[Start of Attachment]

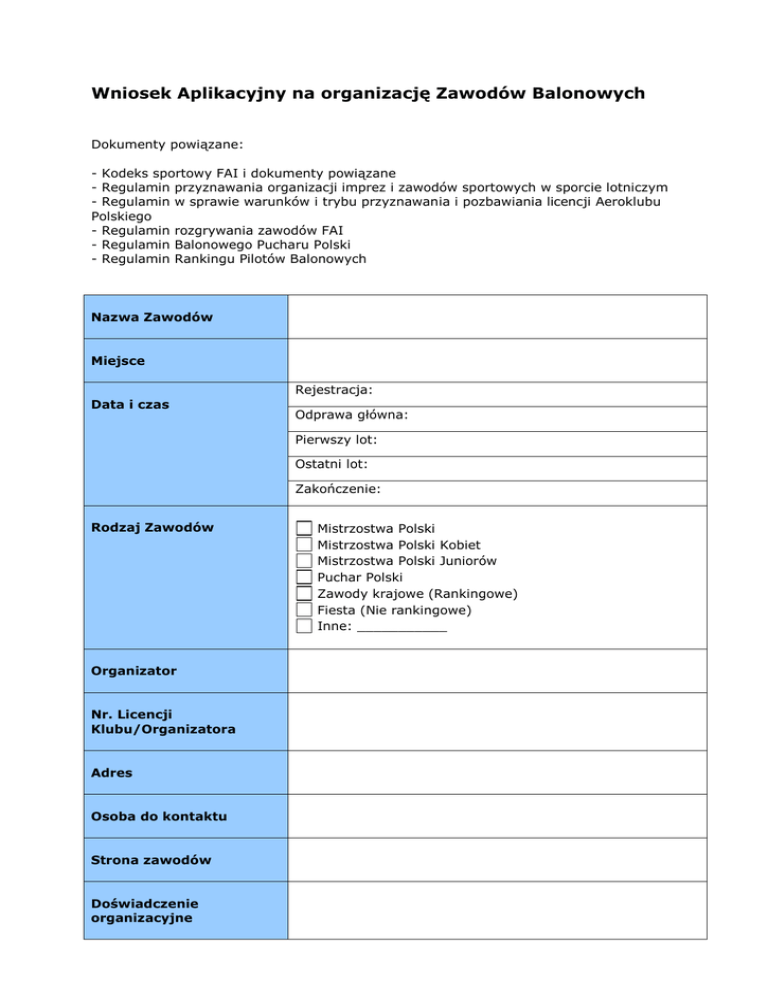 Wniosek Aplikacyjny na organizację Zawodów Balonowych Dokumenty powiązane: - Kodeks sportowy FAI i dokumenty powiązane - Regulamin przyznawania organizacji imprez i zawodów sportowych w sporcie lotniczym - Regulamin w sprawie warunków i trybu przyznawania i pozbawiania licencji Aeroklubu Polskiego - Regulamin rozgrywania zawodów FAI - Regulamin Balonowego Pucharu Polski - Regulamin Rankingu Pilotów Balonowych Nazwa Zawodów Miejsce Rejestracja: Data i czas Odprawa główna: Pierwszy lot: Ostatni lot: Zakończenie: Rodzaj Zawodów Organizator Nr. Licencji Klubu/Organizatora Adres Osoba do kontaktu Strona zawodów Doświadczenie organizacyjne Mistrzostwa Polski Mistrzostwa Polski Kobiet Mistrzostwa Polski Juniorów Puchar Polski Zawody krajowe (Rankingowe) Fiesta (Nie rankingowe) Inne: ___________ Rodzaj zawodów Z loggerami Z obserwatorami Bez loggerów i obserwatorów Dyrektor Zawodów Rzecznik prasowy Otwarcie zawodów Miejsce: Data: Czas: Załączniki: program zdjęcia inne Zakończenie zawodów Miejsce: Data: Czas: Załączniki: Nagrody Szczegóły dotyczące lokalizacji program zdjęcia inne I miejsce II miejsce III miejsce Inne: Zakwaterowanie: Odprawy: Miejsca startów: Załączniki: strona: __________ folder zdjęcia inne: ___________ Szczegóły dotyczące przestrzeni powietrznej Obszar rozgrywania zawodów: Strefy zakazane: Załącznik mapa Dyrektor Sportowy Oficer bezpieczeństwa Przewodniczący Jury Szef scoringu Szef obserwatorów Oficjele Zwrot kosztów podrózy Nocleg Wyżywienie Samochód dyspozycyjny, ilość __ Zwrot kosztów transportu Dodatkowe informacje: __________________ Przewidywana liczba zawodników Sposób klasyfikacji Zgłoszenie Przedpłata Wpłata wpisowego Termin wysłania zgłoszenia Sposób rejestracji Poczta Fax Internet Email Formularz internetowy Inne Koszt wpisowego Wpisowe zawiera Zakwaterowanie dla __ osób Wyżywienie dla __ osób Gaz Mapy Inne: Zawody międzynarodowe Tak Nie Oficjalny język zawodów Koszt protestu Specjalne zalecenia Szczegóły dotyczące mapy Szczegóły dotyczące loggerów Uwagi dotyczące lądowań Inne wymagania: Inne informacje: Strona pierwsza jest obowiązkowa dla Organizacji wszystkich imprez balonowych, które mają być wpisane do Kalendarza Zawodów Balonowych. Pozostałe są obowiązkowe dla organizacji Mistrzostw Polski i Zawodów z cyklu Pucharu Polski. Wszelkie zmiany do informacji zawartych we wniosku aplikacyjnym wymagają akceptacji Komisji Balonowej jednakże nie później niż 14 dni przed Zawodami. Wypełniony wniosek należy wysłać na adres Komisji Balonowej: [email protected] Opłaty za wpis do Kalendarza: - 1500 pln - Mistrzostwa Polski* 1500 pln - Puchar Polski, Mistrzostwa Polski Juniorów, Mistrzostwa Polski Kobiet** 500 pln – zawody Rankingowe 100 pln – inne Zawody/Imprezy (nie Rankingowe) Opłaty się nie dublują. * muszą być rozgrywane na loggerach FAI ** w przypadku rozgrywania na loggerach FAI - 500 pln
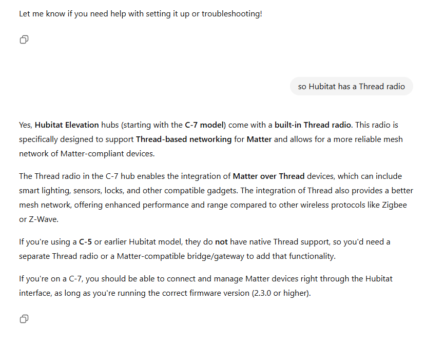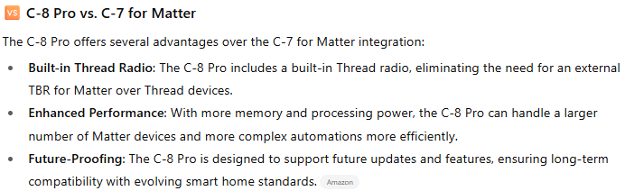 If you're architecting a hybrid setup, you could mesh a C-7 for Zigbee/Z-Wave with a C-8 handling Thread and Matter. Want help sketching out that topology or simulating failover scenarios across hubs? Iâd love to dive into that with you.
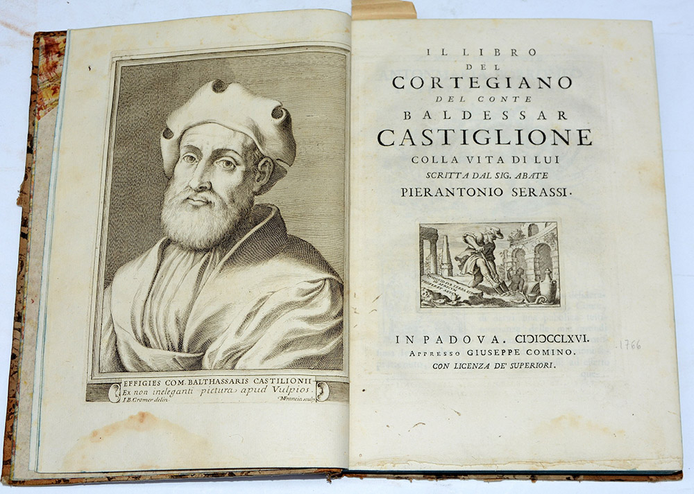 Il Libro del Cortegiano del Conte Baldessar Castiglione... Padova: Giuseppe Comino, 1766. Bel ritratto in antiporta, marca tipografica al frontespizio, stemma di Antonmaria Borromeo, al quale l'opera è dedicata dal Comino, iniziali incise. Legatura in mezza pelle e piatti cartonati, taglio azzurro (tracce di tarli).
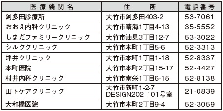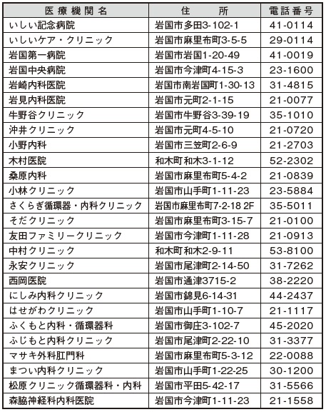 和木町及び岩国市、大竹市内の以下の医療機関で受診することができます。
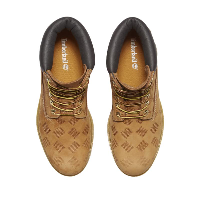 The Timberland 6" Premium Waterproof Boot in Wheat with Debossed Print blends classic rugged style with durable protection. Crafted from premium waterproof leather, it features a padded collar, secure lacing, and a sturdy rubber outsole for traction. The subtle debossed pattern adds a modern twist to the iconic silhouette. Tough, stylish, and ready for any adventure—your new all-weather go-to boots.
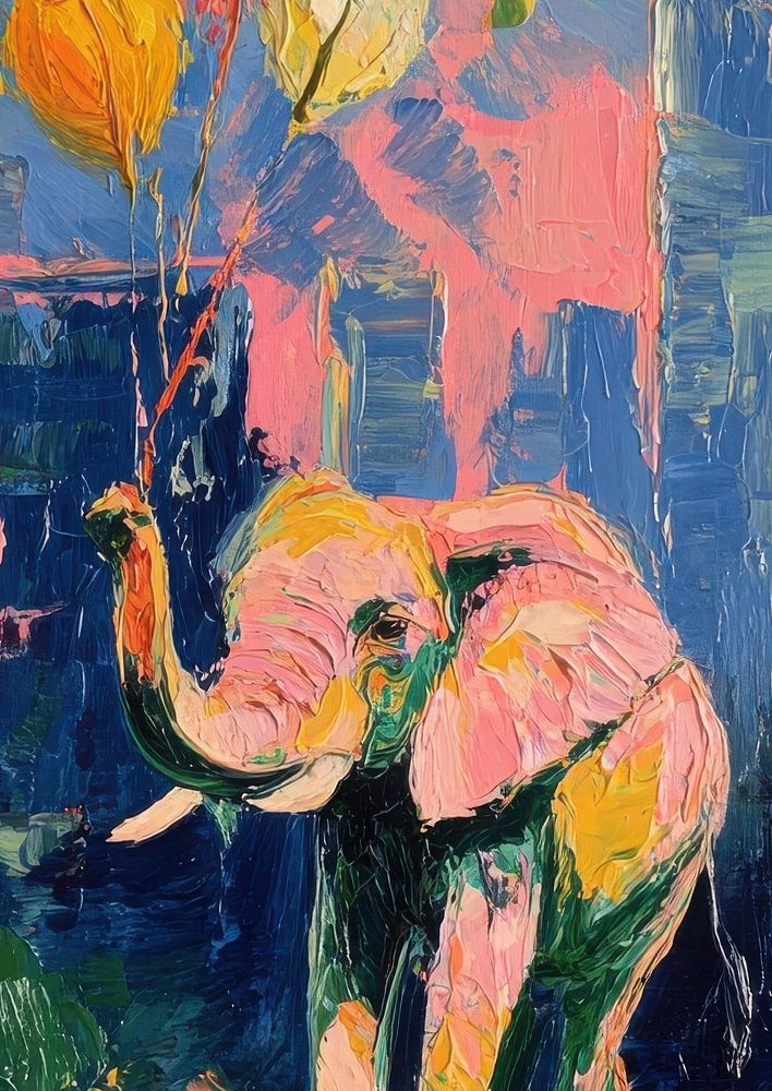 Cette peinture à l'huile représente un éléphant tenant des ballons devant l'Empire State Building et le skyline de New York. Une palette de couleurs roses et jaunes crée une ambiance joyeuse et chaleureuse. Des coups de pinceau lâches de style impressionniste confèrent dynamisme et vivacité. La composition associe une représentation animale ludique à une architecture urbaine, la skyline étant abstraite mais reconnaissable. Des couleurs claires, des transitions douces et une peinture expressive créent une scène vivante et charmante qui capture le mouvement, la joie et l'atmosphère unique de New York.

[End of Attachment]

*Work to be completed:* Only the lines from the one containing "和木町及び岩国市、大竹市内の以下の医療機関で受診することができます。" through the final line of the listing should be reproduced, exactly and with no pictures.

*Solution to this exercise:*
 和木町及び岩国市、大竹市内の以下の医療機関で受診することができます。
 The Timberland 6" Premium Waterproof Boot in Wheat with Debossed Print blends classic rugged style with durable protection. Crafted from premium waterproof leather, it features a padded collar, secure lacing, and a sturdy rubber outsole for traction. The subtle debossed pattern adds a modern twist to the iconic silhouette. Tough, stylish, and ready for any adventure—your new all-weather go-to boots.
 Cette peinture à l'huile représente un éléphant tenant des ballons devant l'Empire State Building et le skyline de New York. Une palette de couleurs roses et jaunes crée une ambiance joyeuse et chaleureuse. Des coups de pinceau lâches de style impressionniste confèrent dynamisme et vivacité. La composition associe une représentation animale ludique à une architecture urbaine, la skyline étant abstraite mais reconnaissable. Des couleurs claires, des transitions douces et une peinture expressive créent une scène vivante et charmante qui capture le mouvement, la joie et l'atmosphère unique de New York.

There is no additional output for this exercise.